[Data]
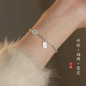 新中式精工珍珠莲花手链女轻奢风碎银子福牌时尚百搭个性显白手串
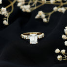 6X8 MM Emerald Cut Lab Grown Diamond Engagement Ring with Accent
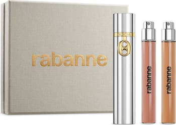 - La Collection Rabanne Travel Spray Case: a sleek metallic silver case adorned with the iconic “Eight” jewel, signature of the Maison. Designed to host one of the most-wanted 0.5-ounce La Collection Rabanne creations
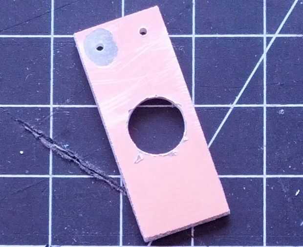 he tenido los mejores resultados hacer cada sensor individualmente utilizando un solo lado PCB en blanco. Corte y presentó cada uno para caber en el orificio correspondiente en la cubierta de la caja. Cada sensor de la placa tenía un pin header macho soldadas a él y un orificio en el centro del interruptor LED a la luz a través. Las placas de sensor se fijaban a la cubierta de la caja con pegamento caliente.
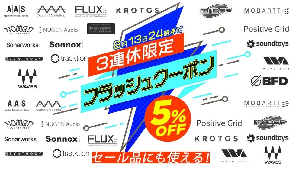 ソフトウェア音源やプラグイン・エフェクトなど、録音・音楽制作などに役立つ製品がさらにお得に!
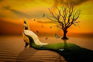 Keywords: woman dune sand tree butterflies grass sunset flowers composing landscape fantasy
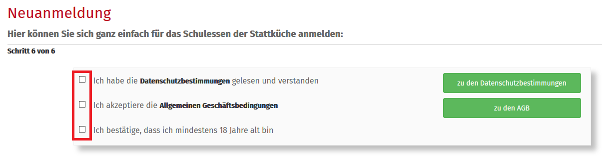 14) Um die Anmeldung abschließen zu können, bestätigen Sie bitte die Datenschutzbestimmungen, AGB und das Sie mindestens 18 Jahre alt sind.
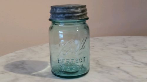 Antique Blue Glass Ball Perfect Mason Pint Size Jar With Zinc Milk Glass Lid
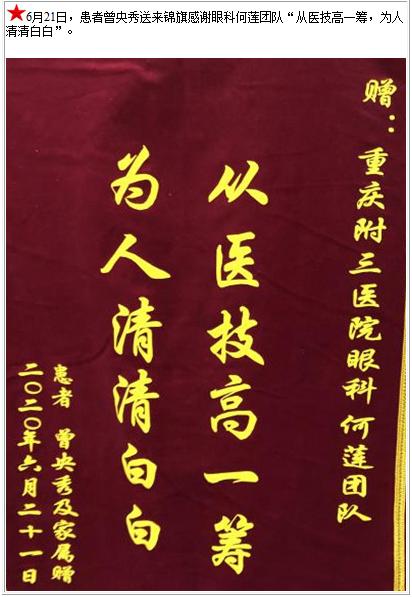 患者曾央秀送来锦旗感谢眼科何莲团队“从医技高一筹,为人清清白白”-锦旗-患者心声-患者服务-重庆医科大学附属第三医院【官方网站】
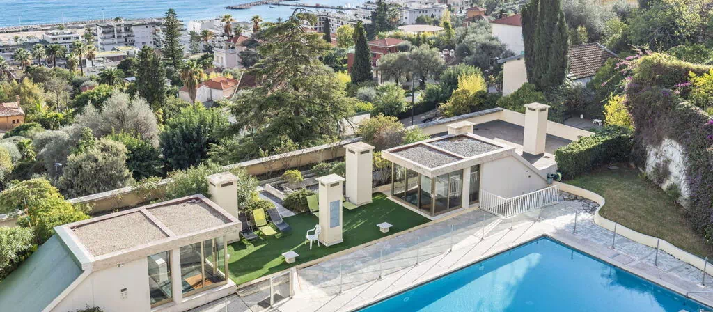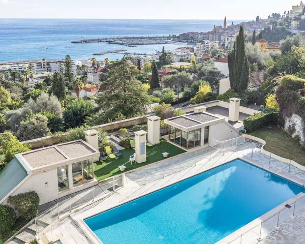 Los espacios exteriores de "Les Miradors" constituyen un punto destacado de la villa, ofreciendo a los huéspedes un entorno refinado y relajante dentro del amplio parque compartido de 2 hectáreas. La piscina mide 18 x 7 metros con una profundidad que oscila entre 60 y 200 cm, y está disponible de forma estacional del 15 de junio al 30 de septiembre; se accede a ella mediante una escalera interna dedicada. La terraza compartida proporciona un espacio acogedor para cenas al aire libre, tomar el sol o simplemente disfrutar de las vistas panorámicas que ofrece la posición elevada y orientada al sur de la propiedad. El parque circundante crea un refugio natural tranquilo que complementa perfectamente el paisaje mediterráneo y la atmósfera residencial serena del barrio de Garavan.
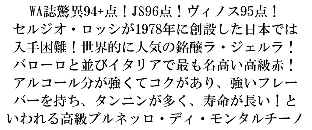 アルコール分が強くてコクがあり、強いフレーバーを持ち、タンニンが多く、寿命が長いといわれる、高級辛口フルボディ赤ワイン!ブルネッロ・ディ・モンタルチーノ!
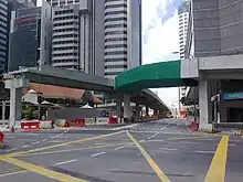 During the station's construction, a temporary viaduct was built along Cross Street.[11] The two-lane 407-metre (1,335 ft) bridge, which ran between Central Boulevard and China Street, was constructed to replace the closed lanes that had to make way for the station's construction.[14][15][16] Work on the viaduct began on 3 February 2008[14] and it opened for traffic on 28 December that year.[17][18] Three subsequent ramps to the viaduct were opened over the course from February to April 2009.[19][20][21]
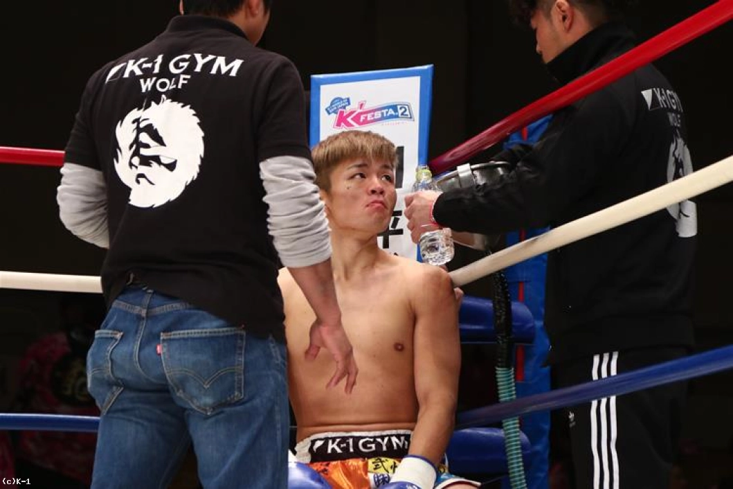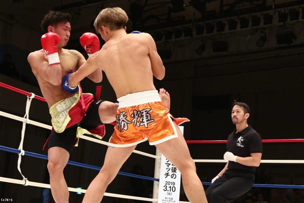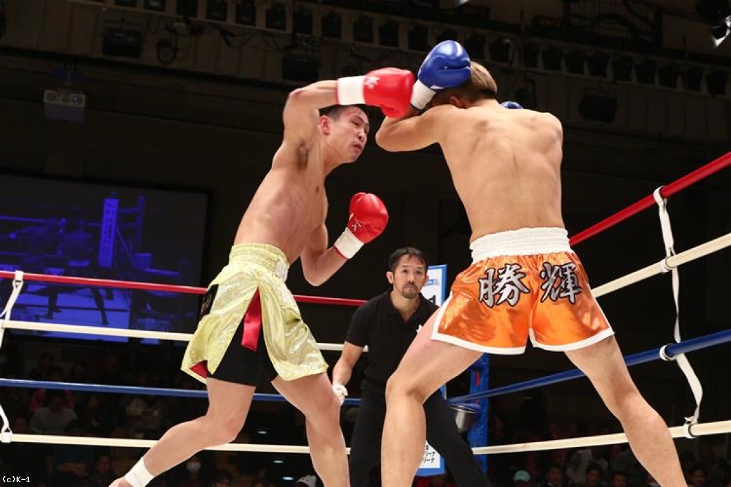2R、右ストレートを当てる勝輝だが、安達もすぐ右ストレートを当て返す。ボディを交えた速いコンビネーションで攻める勝輝だが、安達がプレッシャーを発して前に出る。しかし勝輝はボディアッパー、ヒザと攻撃を散らし、右ストレート、顔面前蹴りとヒットを増やす。パンチに加え右ローも入れ、勝輝はヒットを重ねていく。安達はダメージの蓄積から後退していくが、勝輝に対し左ボディを返す。
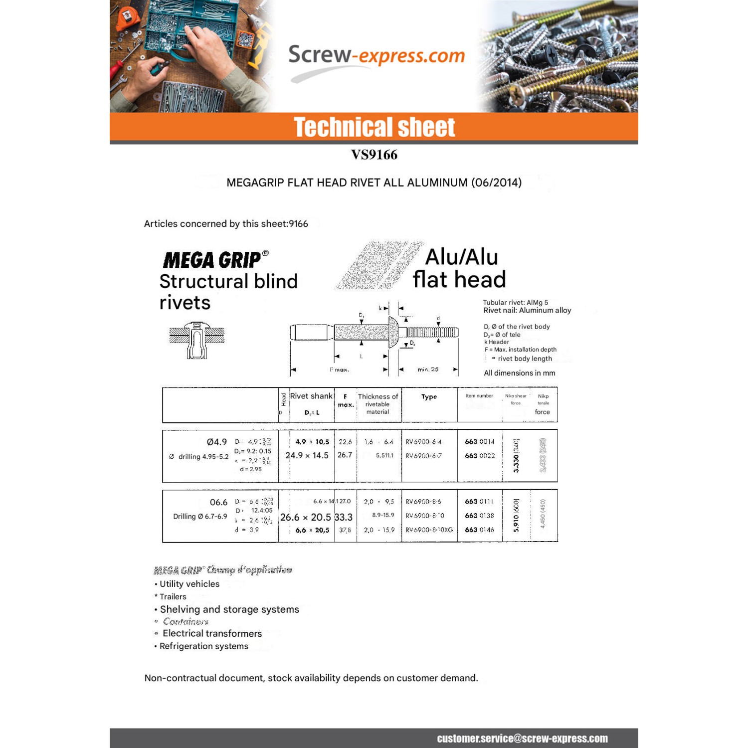 RIVET MEGAGRIP ENTIRELY ALUMINIUM 6.6X14.1 FLAT HEADOTHER REFERENCE : 3663072176935 0002876 OVD0173 OVD0173 AN 6630111
[/Data]
▶ **Prompt**
The line containing "- La Collection" marks the end; please output exactly the lines of the listing above from its first line through that line, without pictures.

▶ **Exercise output**
 新中式精工珍珠莲花手链女轻奢风碎银子福牌时尚百搭个性显白手串
 6X8 MM Emerald Cut Lab Grown Diamond Engagement Ring with Accent
 - La Collection Rabanne Travel Spray Case: a sleek metallic silver case adorned with the iconic “Eight” jewel, signature of the Maison. Designed to host one of the most-wanted 0.5-ounce La Collection Rabanne creations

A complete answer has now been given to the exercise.